Kelas penguasa di mana-mana mengerahkan seluruh aparatus propaganda mereka untuk membela invasi militer Israel ke Gaza. Tetapi kaum pekerja dengan cepat bisa melihat dusta para politisi dan media borjuis. Kebrutalan tentara Israel yang telah membantai lebih dari 10 ribu warga Gaza tidak bisa ditutup-tutupi, dan bahkan Israel tidak berusaha menutupi kekejaman mereka sama sekali. Imperialisme AS dan partner Eropa mereka mengucurkan air mata buaya terhadap jatuhnya korban di Gaza, tetapi pada saat yang sama terus membela Israel. Kemunafikan ini begitu terpampang jelas dan di banyak negara mulai menciptakan krisis politik. Semakin banyak rakyat, terutama kaum muda, yang kini dapat menghubungkan peristiwa di Gaza dengan kebangkrutan kapitalisme yang mereka saksikan setiap harinya di sekeliling mereka.
Apa selanjutnya?
Cepat atau lambat, invasi militer Israel ke Gaza akan berakhir. Semacam gencatan senjata kemungkinan akan dirundingkan. Tetapi ini bukan berarti situasi akan menjadi lebih baik dan stabil. Sebaliknya, hanya lebih banyak kekacauan yang akan menanti di masa depan. Tidak ada jalan kembali ke status quo sebelum 7 Oktober.

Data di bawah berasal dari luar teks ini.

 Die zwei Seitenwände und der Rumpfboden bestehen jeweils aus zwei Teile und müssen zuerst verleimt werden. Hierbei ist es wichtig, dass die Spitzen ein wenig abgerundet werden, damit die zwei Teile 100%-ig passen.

Israel akan menang secara militer, tetapi mereka tidak akan pernah bisa sepenuhnya membasmi Hamas dari Gaza, yang merupakan tujuan yang dinyatakan oleh pemerintahan Israel ketika mereka memulai invasi mereka. Ini hanya bisa mereka lakukan dengan mengusir semua warga Palestina, yaitu 2 juta orang, dari Gaza. Tujuan dari semua kaum Zionis sedari awal adalah mencaplok seluruh wilayah Palestina dan mengusir semua orang Palestina darinya, tetapi ini adalah proposisi yang hampir mustahil tercapai tanpa memprovokasi gejolak politik, sosial dan bahkan militer yang masif di seluruh Timur Tengah.

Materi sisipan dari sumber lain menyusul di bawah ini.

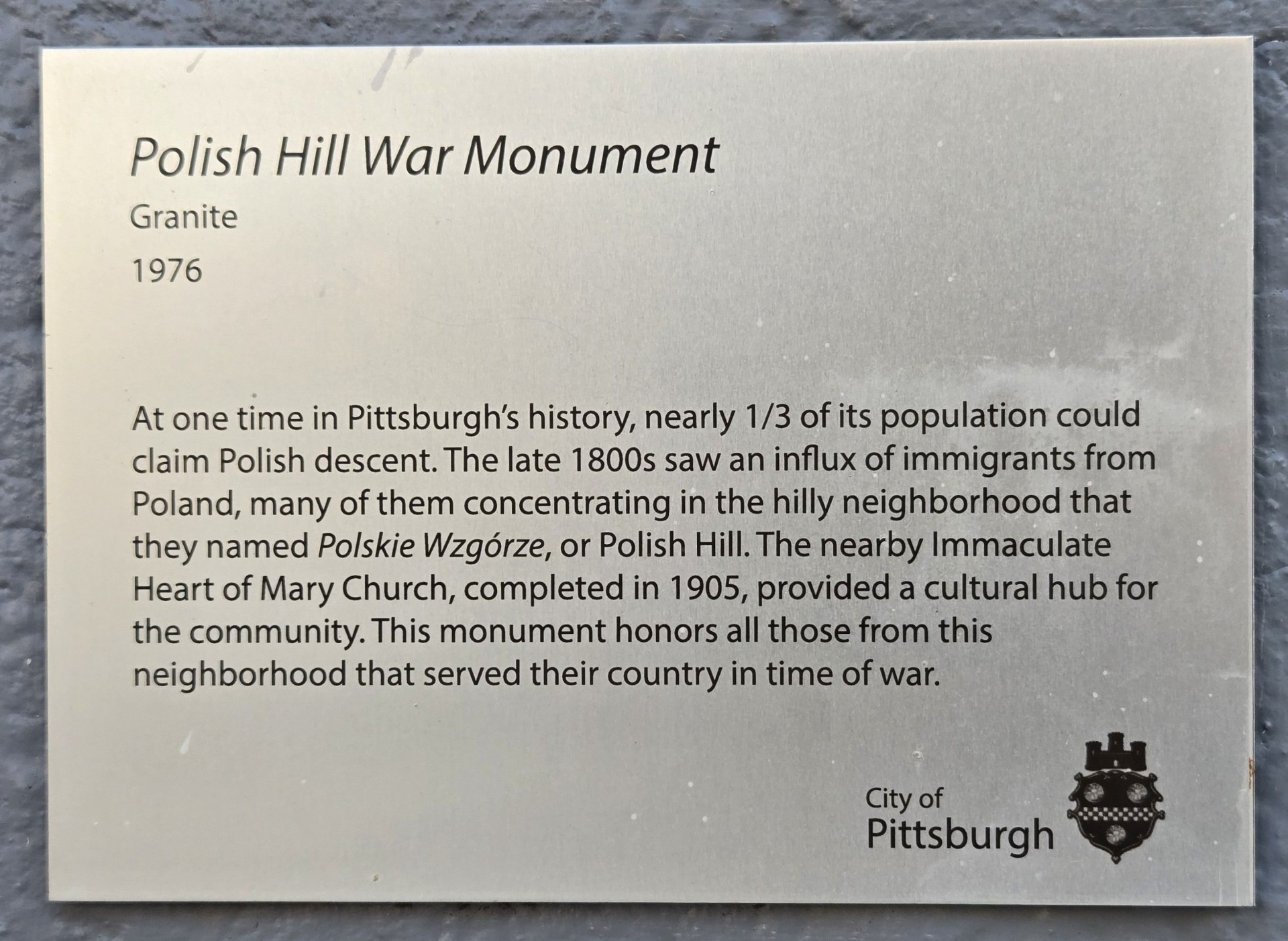 POLISH HILL WAR MONUMENT PLAQUE

Lapisan Zionis ekstrem jelas sedang mempersiapkan aneksasi terhadap Gaza lewat invasi yang mereka luncurkan. Sembari membom Gaza, para pemukim Zionis ekstrem juga semakin memperluas pemukiman di Tepi Barat dan menebar teror kekerasan di antara penduduk Palestina. Mereka tidak peduli bila ini akan menciptakan ketidakstabilan di seluruh wilayah Timur Tengah. Inilah yang membuat cemas imperialisme AS, yang sudah kehilangan kendali atas Timur Tengah. Mereka cemas kalau ketidakstabilan dan kekacauan ini akan membuka prospek bagi Revolusi Arab yang kedua.

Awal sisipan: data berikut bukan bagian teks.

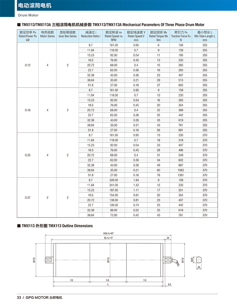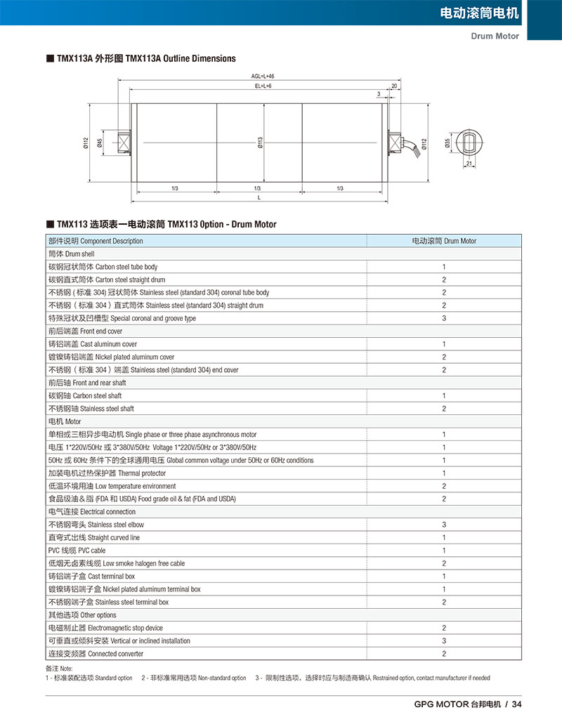 对传动系统的空间、低噪声和大功率有特殊要求的输送设备可使用TMX113,

Sungguh kita tengah memasuki periode yang penuh dengan revolusi, kontra-revolusi, dan perang. Konflik kejam di Gaza telah mengungkapkan kebrutalan dan kebuntuan kapitalisme-imperialisme, dan di hadapan kita hanya akan ada kekacauan silih berganti. Kapitalisme dunia sungguh telah memasuki krisis yang mendalam, tanpa jalan keluar. Hanya horor demi horor yang menanti umat manusia. Hanya dengan menumbangkan kapitalisme secara revolusioner maka kita akan bisa menciptakan perdamaian yang sejati di Israel-Palestina dan juga seluruh Timur Tengah. Sungguh, perjuangan mencapai perdamaian di Israel-Palestina adalah bagian tak terpisahkan dari perjuangan proletariat internasional untuk mengakhiri kapitalisme dan membangun sosialisme. Inilah tugas dari setiap kaum revolusioner di mana pun kita berada. Maka dari itu kita serukan Intifada sampai menang, Revolusi sampai menang, dari Gaza sampai Jakarta.